1AT&T acquired Cingular in 2005.
2 The Concepcions' Complaint was consolidated with a putative class action.
3 A court may refuse to enforce a contract found "to have been unconscionable at the time it was made," or may "limit the application of any unconscionable clause." California Civil Code § 1670.5. Unconscionability has "a procedural and a substantive element, the former focusing on oppression or surprise due to unequal bargaining power, the latter on overly harsh or one-sided results." Armendariz v. Foundation Health Psychcare Services, Inc., 24 Cal. 4th 83, 114 (2000).
4 A contract is unlawful if it has for its "object, directly or indirectly, to exempt anyone from responsibility for his own…violation of law."
5 "[W]hen [a class action] waiver is found in a consumer contract of adhesion in a setting in which disputes between the contracting parties predictably involve small amounts of damages, and when it is alleged that the party with the superior bargaining power has carried out a scheme to deliberately cheat large numbers of consumers out of individually small sums of money, then…the waiver becomes in practice the exemption of the party 'from responsibility for [its] own fraud….' …[S]uch waivers are unconscionable under California law and should not be enforced." Id., at 162 (quoting California Civil Code § 1668).

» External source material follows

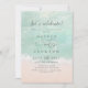 La romántica invitación a la fiesta de compromiso con la temática costera tiene hermosas acuarelas abstractas y turquesas que brillan por la ola oceánica y el fondo de la playa, con un guión elegante y elegantes detalles de los eventos de tipo font, moderno y sencillo, ideal para bodas en la playa de arena, bodas con destino tropical, boda con temática oceánica costera. Vea todas las piezas coincidentes de la colección.

6 "A written provision in any maritime transaction or a contract evidencing a transaction involving commerce to settle by arbitration a controversy thereafter arising out of such contract or transaction…shall be valid, irrevocable, and enforceable, save upon such grounds as exist at law or in equity for the revocation of any contract."
7 In Concepcion, the Supreme Court refers to this rule as "the Discover Bank rule."